• [Your assignment]
Look below for the line that has "One of the key". Set down the lines from there through the line that has "который работает годами.", exactly as written.

• [Data supplied]
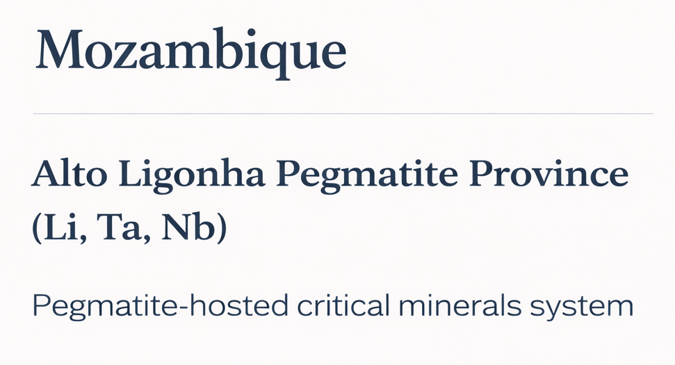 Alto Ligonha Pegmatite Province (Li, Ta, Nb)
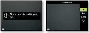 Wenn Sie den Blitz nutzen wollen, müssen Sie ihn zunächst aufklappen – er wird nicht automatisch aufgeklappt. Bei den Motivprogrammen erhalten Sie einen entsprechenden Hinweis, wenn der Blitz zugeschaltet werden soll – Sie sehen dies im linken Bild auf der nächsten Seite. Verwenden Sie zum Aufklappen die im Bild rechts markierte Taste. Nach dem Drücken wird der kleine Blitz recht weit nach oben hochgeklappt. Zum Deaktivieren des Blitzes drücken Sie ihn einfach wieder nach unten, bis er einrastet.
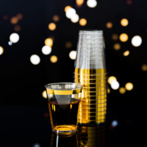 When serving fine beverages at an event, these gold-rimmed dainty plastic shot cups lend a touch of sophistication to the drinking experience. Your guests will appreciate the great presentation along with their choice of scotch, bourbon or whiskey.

==

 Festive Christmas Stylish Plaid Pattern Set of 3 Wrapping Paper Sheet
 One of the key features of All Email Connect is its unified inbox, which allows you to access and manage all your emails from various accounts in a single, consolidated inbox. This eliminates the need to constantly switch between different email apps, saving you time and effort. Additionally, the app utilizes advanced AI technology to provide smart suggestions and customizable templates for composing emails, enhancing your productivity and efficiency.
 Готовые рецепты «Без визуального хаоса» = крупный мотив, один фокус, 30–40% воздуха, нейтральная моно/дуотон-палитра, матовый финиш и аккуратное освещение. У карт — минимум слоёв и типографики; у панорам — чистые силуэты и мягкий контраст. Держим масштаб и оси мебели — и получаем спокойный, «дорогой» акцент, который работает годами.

• [Answer to this exercise]
 One of the key features of All Email Connect is its unified inbox, which allows you to access and manage all your emails from various accounts in a single, consolidated inbox. This eliminates the need to constantly switch between different email apps, saving you time and effort. Additionally, the app utilizes advanced AI technology to provide smart suggestions and customizable templates for composing emails, enhancing your productivity and efficiency.
 Готовые рецепты «Без визуального хаоса» = крупный мотив, один фокус, 30–40% воздуха, нейтральная моно/дуотон-палитра, матовый финиш и аккуратное освещение. У карт — минимум слоёв и типографики; у панорам — чистые силуэты и мягкий контраст. Держим масштаб и оси мебели — и получаем спокойный, «дорогой» акцент, который работает годами.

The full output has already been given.